Image a dark moon eclipsing a yellow ball that is the sun

Safe Ways of Watching the Solar Eclipse on the 20th of March 2015


Solar eclipses happen once in a lifetime or quite rarely. Some people never get to see one in their lifetime. The last one occurred in 1999. With the solar eclipse predicted on the 20th of March 2015, chances are you might want to take a selfie for posterity and share it with your friends, family and followers and pets and whoever is interested.

It may sound exciting to catch this rare phenomena on camera to prove you actually saw it. But hear this: experts are ringing the alarm bells and when those in the know speak, at least take precautions. They say the risk of taking a selfie can damage your eyes.

It sounds like the experts are raining on your parade, innit? So how are you supposed to view this phenomena? Here are a few tips we gathered from the experts:


  • Use the pinhole method. I don’t know if you remember your science classes where you made a hole in a piece of cardboard, then held it up with your back to the sun and let the sun’s image project onto another piece of card or paper. It doesn’t sound like much fun but hey, your eyes will be safe or at least, that’s what the experts say. As they say, better safe than sorry.
  • An animation illustrating how to use the pinhole method of viewing an eclipse by using a hole in a cardboard to project onto another piece of paper or cardboard.

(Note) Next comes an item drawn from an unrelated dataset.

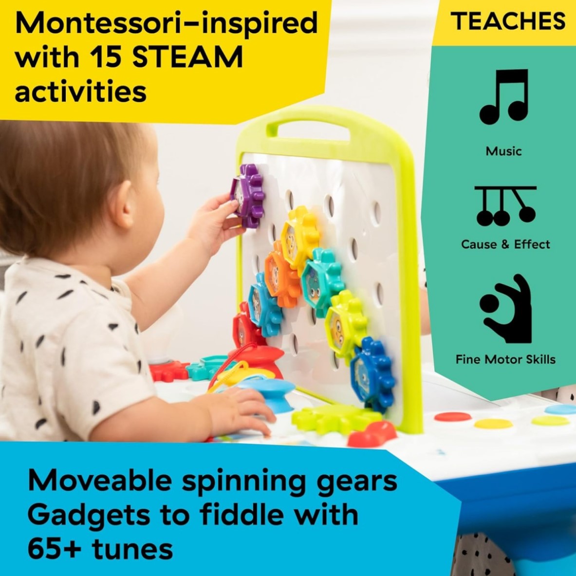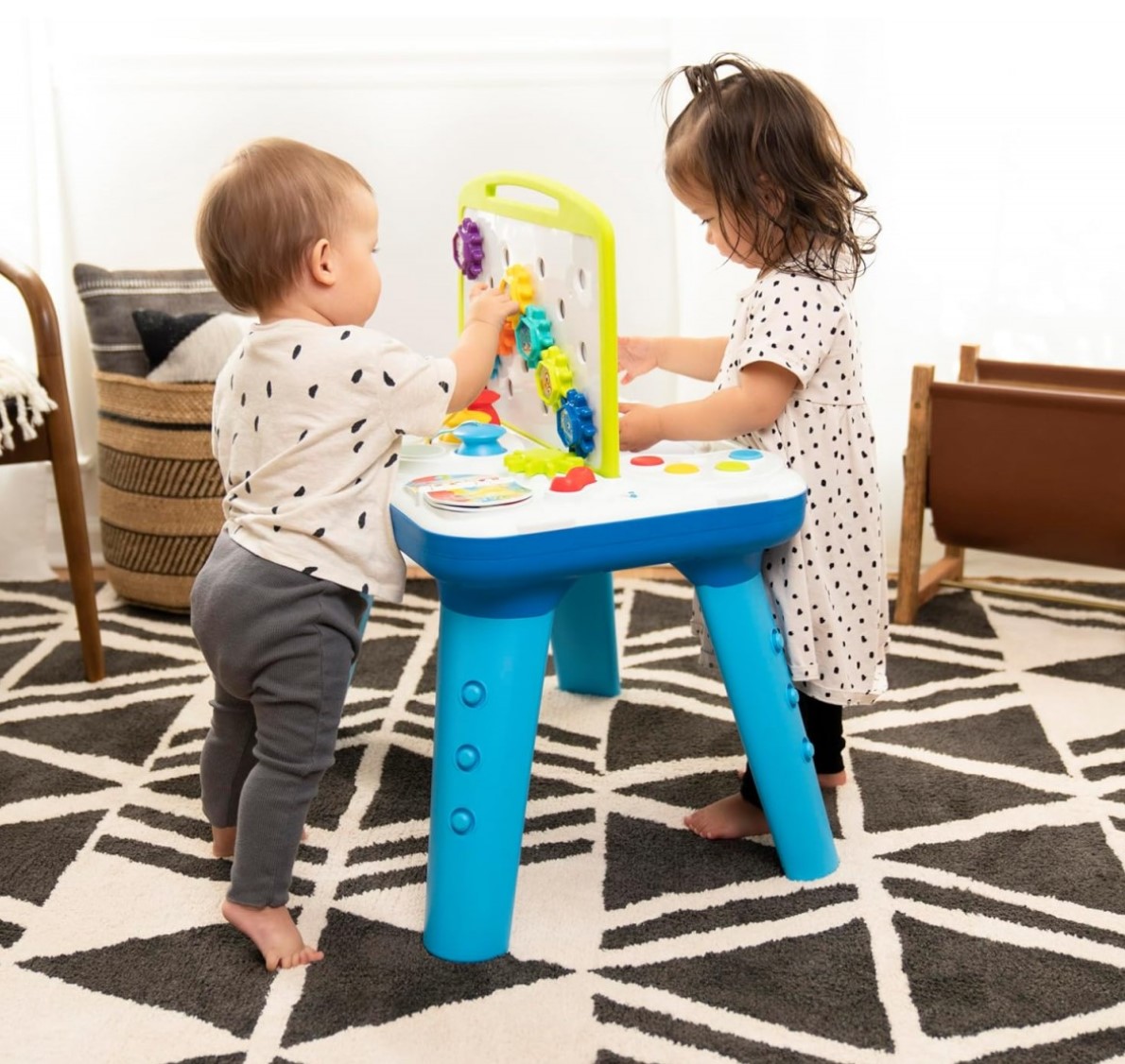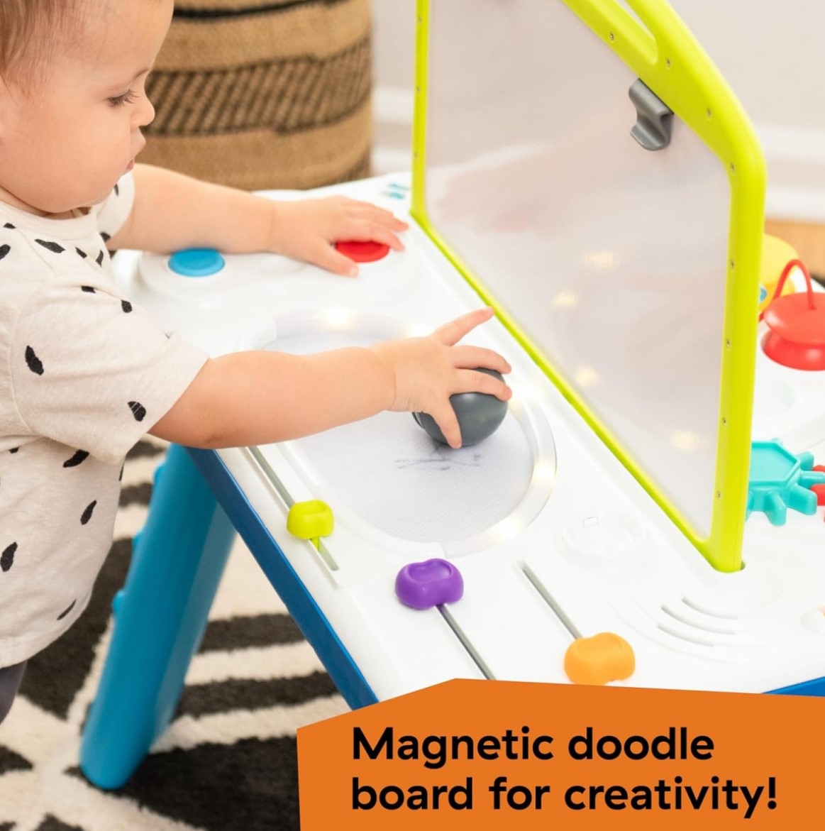 這款雙面設計的活動學習桌,巧妙融合了寶寶與生俱來的藝術家氣質與對科學探索的熱愛。

    Picture copyright H.L. Cohen. Source:

  • Well, if that doesn’t sound like fun, then there is a better way to go about it and still be safe, you know what I mean. Get sunglasses, you know, with solar filters specifically designed for watching a solar eclipse. They come with the relevant CE mark. Make sure you ask for the right ones if you intend to enjoy this phenomena without damaging your eyes. It might cost you a few quid or Benjamin’s but the price compared to damaging your eyes is minimal.


  • It sounds pretty obvious, but common sense isn’t so common it should be called uncommon sense, so, don’t stare or look directly at the sun. That means even if you have sunglasses on, unless they are specifically designed for that purpose and bear the correct CE mark, because they don’t provide adequate protection.
  • Don’t use a pair of binoculars, a telescope, any camera [camcorder, SLR, smartphone, etc]. It is not worth the risk. The sun’s radiation is so strong it may cause a solar burn of the retina experts warn.

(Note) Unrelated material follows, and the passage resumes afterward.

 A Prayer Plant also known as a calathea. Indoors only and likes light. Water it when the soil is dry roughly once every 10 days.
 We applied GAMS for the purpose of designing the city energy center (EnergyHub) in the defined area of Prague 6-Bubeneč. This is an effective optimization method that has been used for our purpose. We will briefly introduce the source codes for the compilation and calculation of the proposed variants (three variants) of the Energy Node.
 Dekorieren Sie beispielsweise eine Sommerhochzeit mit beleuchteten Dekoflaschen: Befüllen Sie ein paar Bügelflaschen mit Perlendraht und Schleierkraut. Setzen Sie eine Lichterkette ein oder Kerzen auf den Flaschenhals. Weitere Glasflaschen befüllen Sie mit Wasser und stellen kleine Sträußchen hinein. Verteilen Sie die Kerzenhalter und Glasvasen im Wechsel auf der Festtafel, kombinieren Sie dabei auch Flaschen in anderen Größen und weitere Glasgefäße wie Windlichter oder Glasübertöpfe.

Now, that you know how to watch the solar eclipse safely, you may want to know what time to watch this solar eclipse.

If you are in and around the London area, watch for it between 08:24hrs and 10:41hrs.

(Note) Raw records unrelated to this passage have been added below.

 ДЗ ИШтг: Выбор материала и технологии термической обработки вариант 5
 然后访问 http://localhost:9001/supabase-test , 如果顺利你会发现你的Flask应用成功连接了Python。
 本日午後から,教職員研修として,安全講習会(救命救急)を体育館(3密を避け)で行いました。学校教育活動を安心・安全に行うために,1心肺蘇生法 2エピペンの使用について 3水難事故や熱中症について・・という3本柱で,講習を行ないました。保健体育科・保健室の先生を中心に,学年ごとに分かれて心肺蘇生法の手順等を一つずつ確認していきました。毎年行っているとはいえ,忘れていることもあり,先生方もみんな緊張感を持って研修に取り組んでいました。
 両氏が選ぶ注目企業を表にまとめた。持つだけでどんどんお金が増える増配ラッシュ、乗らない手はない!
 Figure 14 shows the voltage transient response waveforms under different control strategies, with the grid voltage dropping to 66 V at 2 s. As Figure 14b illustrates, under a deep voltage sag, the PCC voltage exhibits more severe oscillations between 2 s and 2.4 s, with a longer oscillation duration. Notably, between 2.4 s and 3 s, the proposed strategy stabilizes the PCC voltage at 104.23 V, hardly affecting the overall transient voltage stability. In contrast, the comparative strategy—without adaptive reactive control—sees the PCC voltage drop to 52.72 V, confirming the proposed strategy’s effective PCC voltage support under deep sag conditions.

For those of you in and around Edinburgh, keep your eyes peeled, not literally, from about 08:30hrs till 09:35hrs.
What is an eclipse? It is one of those rare moments when the earth suffers a blackout because the moon comes in between the earth and the sun and plunges the UK and other places into darkness. It may not be on the magnitude that we have heard of in Biblical narratives such as when Jesus Christ was crucified on the cross but it won’t be that dramatic but it will still be noticeable.
An image showing the moon in between the sun and the moon resulting in an eclipse.

Picture source:

Remember if it is too much hassle building a pinhole projector or buying sunglasses to watch the solar eclipse on the 20th of March 2015, kick your feet up, grab some orange juice and a snack and let others do the hard work and watch it on TV or find a webcast broadcasting this phenomena. I know I will.

Enjoy this rare Friday where you have 3 celestial events taking place in one day; i.e. a solar eclipse, supermoon and spring equinox. That is like three in one. None of the supermarket chains serves up such great bargains like Mother Earth. Enjoy this rare occasion and what a fitting topic for our first blog on WordPress.